Items listed in a dataset
--

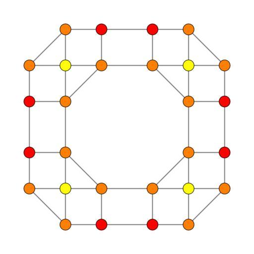 Keywords: 5-cube t014 B2.svg en 5-cube family graph in B2 en Coxeter plane own 10/11/10 self Set of colored Coxeter plane graphs; 28 vertices
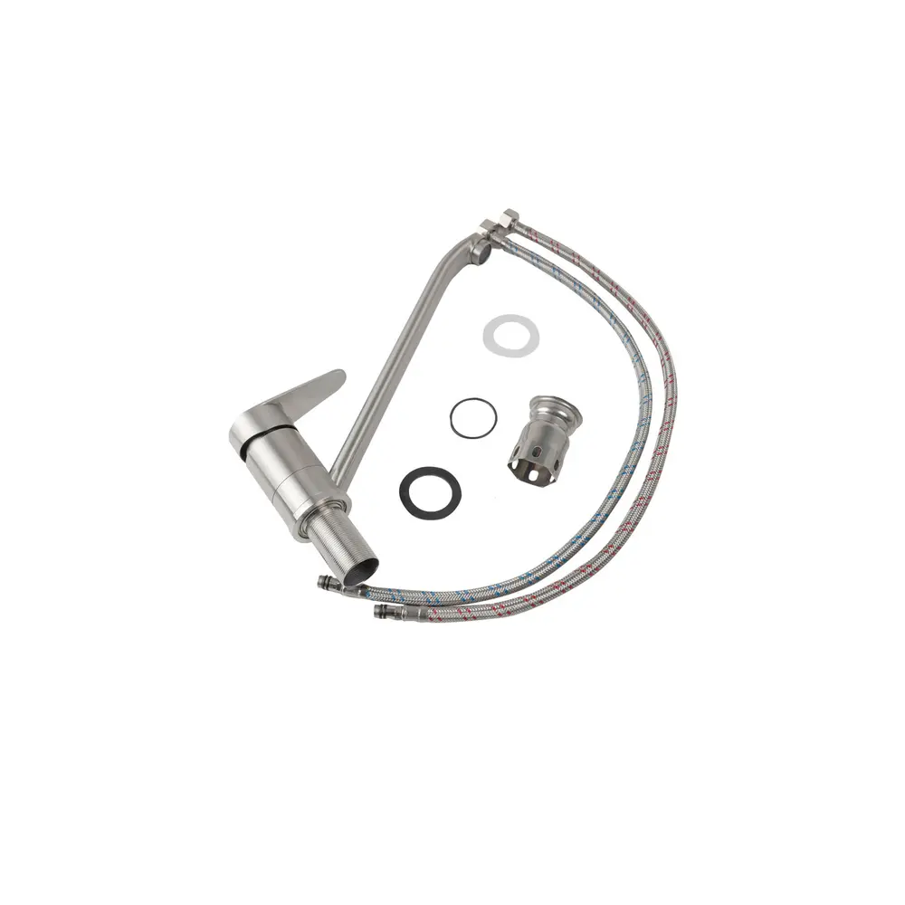 Бренд: GERMECE Тип смесителя: Смеситель кухонный Тип выброса : статический Материал ++: Нержавеющая сталь SUS 304 Высота смесителя, мм: 120,5 Картридж: 40 Крепления: гайка Длина гибкой подводки, мм: 450 Шт. в коробке: 10 шт Шт. в упаковке: 1 шт Высота от основания до носике, мм: 150,5 Цвет излива: Нержавеющая сталь Вид смесителя: Джойстик Комплектация: Смеситель, крепления, гибкая подводка Подключение: к водопроводу Вид монтажа: Внешний Гарантия: 1 год
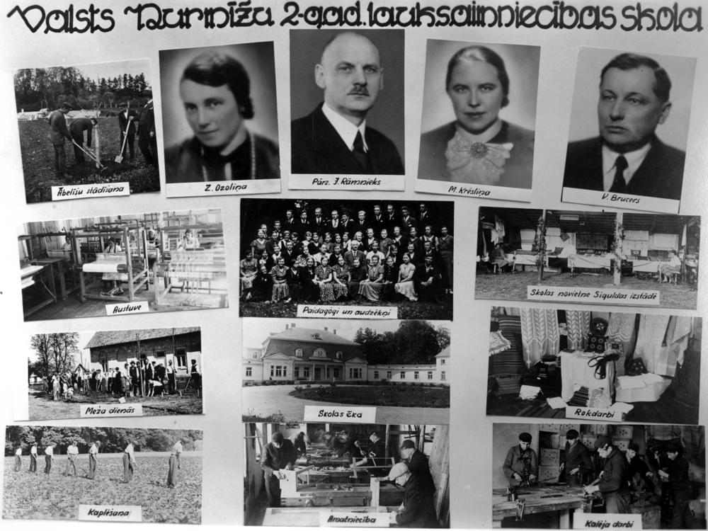 Valsts Nurmižu divgadīgā lauksaimniecības skola. Augšējā 1. rindā no kreisās: 1. ābelīšu stādīšana, 2. skolotāja Zenta Ozoliņa, 3. skolas pārzinis Jānis Rāmnieks, 4. M. Krēsliņa, 5. V. Brucers. 2. rindā no kreisās: 1. austuve, 2. pedagogu un audzēkņu kopbilde, 3. skolas stends izstādē Siguldā. 3. rindā no kreisās: 1. audzēkņi meža dienās, 2. skolas ēka, 3. audzēkņu darinātie rokdarbi. 4. rindā no kreisās: 1. kaplēšana, 2. praktiskās nodarbības amatniecībā, 3. kalēja darbi. Fotomontāža.
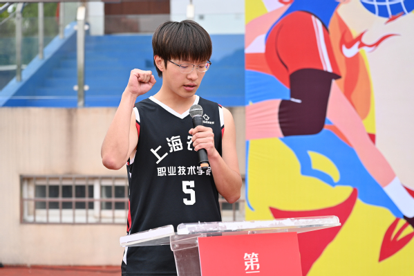 裁判员代表工程232班郭晓同学和运动员代表环境232班王鑫浩同学庄重宣誓,他们的誓言坚定有力,体现了对公平竞争的坚守和对拼搏精神的追求。
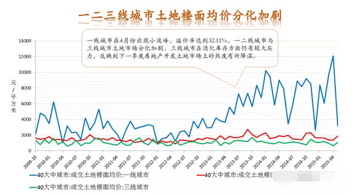 從不同級別的城市看,一線城市環比3月上漲幅度達到14.1%,漲幅最大,二線城市漲幅也達到7.3%。而三四線城市則并不樂觀,整體市場走勢出現了明顯的分化趨勢。
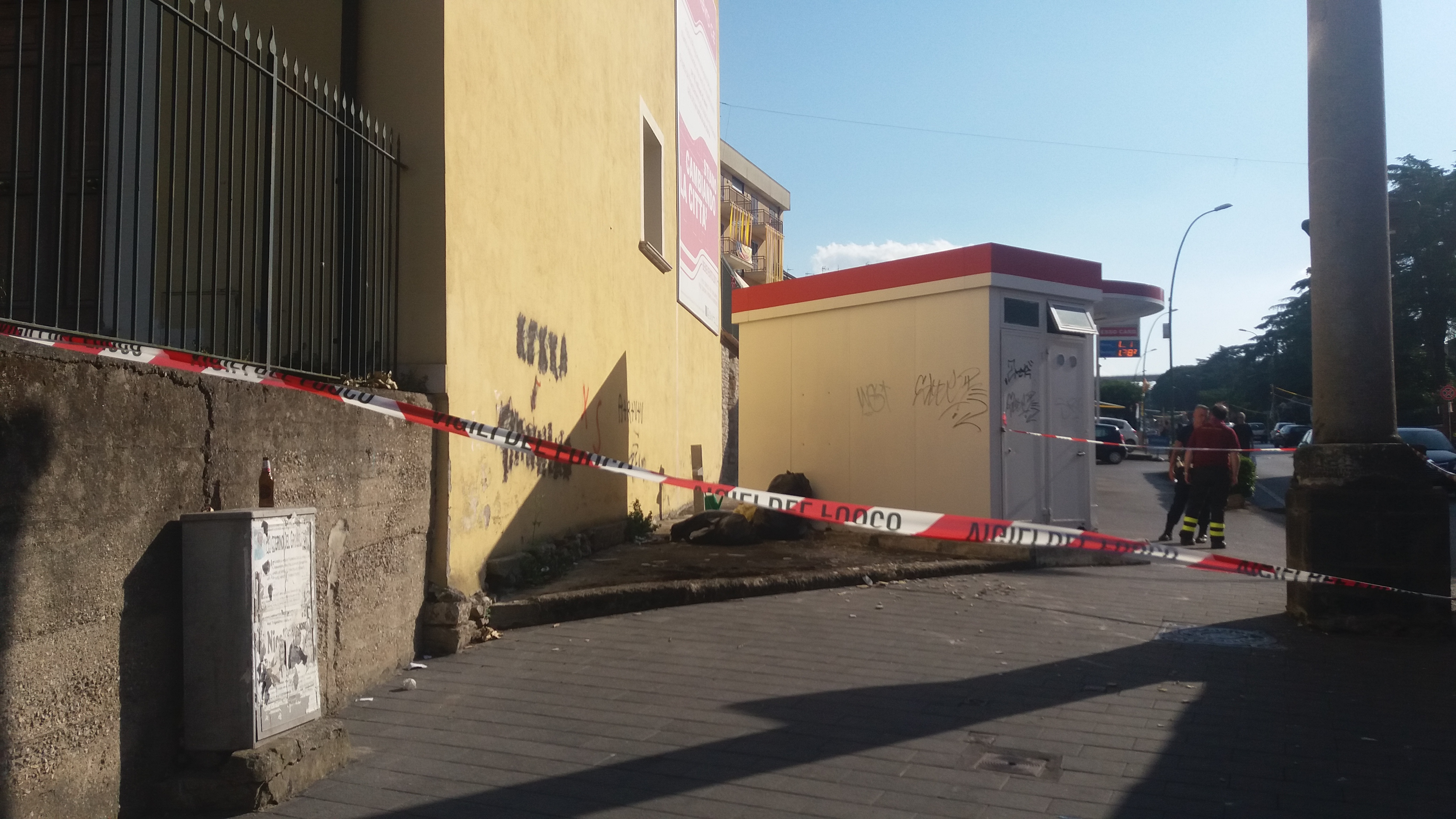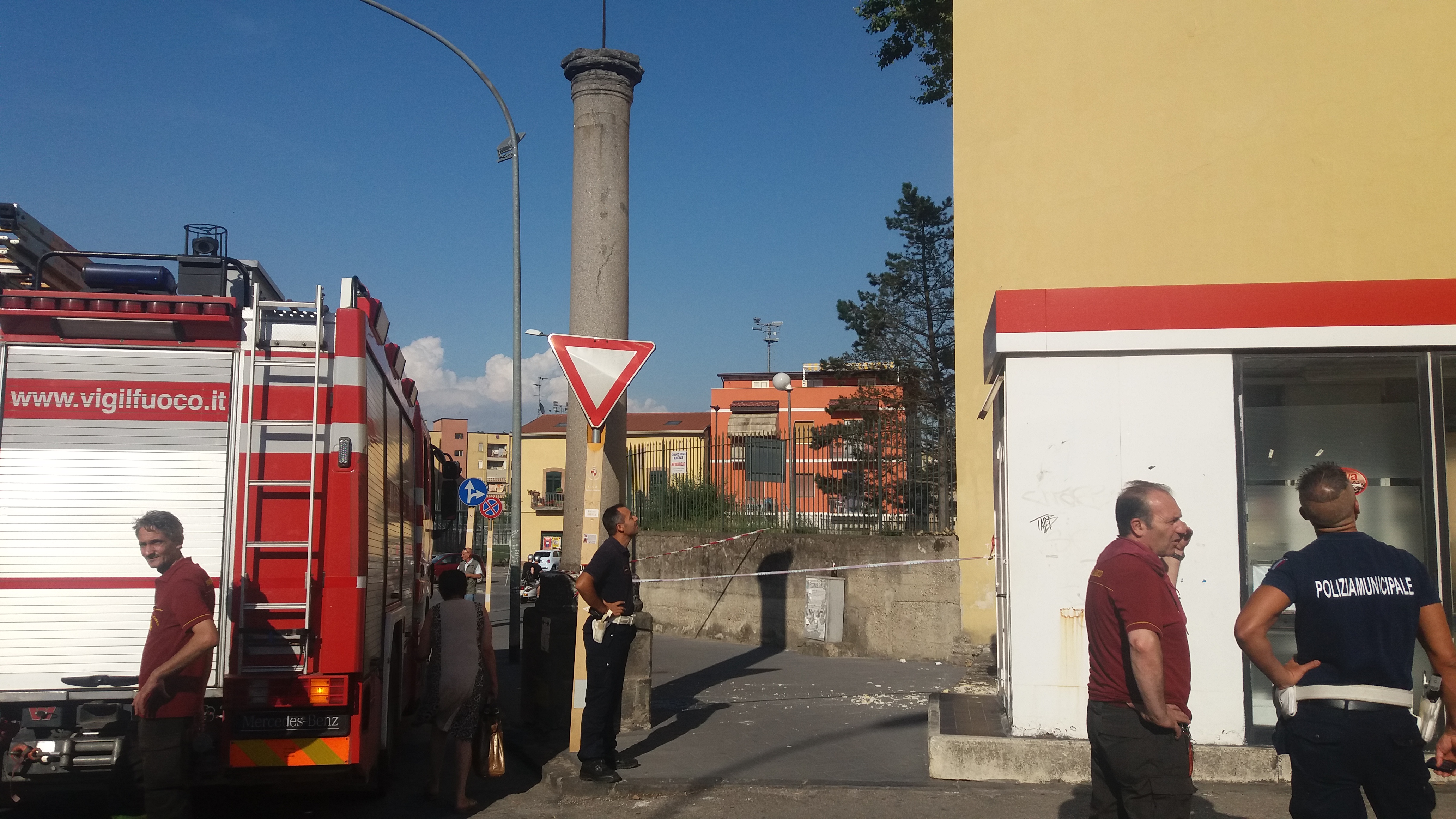 BENEVENTO – Cadono calcinacci dalla facciata laterale del piccolo Teatro Libertà a via Napoli. Sul posto sono intervenuti i vigili del fuoco e la municipale per la messa in sicurezza dell’area che è stata recintata con nastro bianco e rosso. Per fortuna i pezzi di intonaco staccatisi dalla facciata non hanno provocato danni nè a persone tantomeno a cose. Alcuni calcinacci sono piovuti sul gabbiotto della stazione di servizio Esso. Traffico rallentato per le operazioni di messa in sicurezza. Ora si dovrà provvedere alla risistemazione della parte.
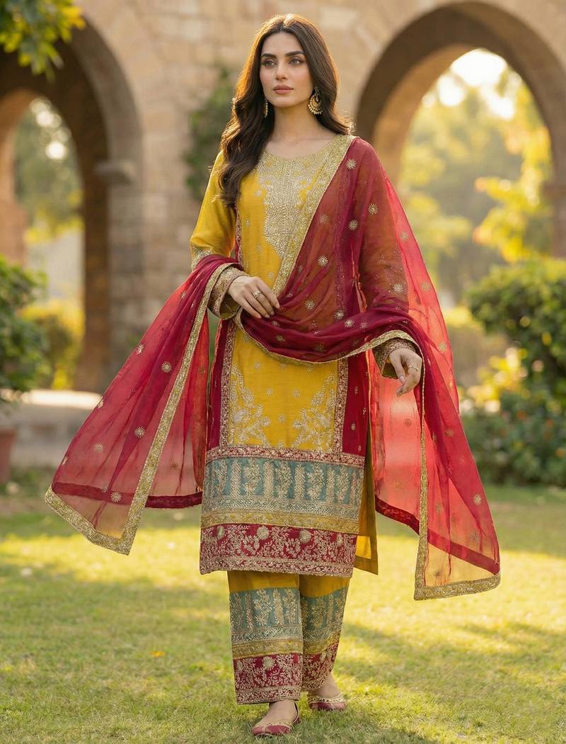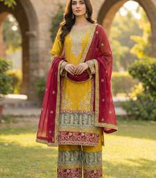 | Product Name | Yellow Chinon Embroidered Sharara Suit | |

--

Pictures are to be left out, and the lines from the beginning of the records through the line with "Бренд: GERMECE Тип" are to be printed exactly, with nothing added.

> **RESPONSE TO THIS EXERCISE**:
 Keywords: 5-cube t014 B2.svg en 5-cube family graph in B2 en Coxeter plane own 10/11/10 self Set of colored Coxeter plane graphs; 28 vertices
 Бренд: GERMECE Тип смесителя: Смеситель кухонный Тип выброса : статический Материал ++: Нержавеющая сталь SUS 304 Высота смесителя, мм: 120,5 Картридж: 40 Крепления: гайка Длина гибкой подводки, мм: 450 Шт. в коробке: 10 шт Шт. в упаковке: 1 шт Высота от основания до носике, мм: 150,5 Цвет излива: Нержавеющая сталь Вид смесителя: Джойстик Комплектация: Смеситель, крепления, гибкая подводка Подключение: к водопроводу Вид монтажа: Внешний Гарантия: 1 год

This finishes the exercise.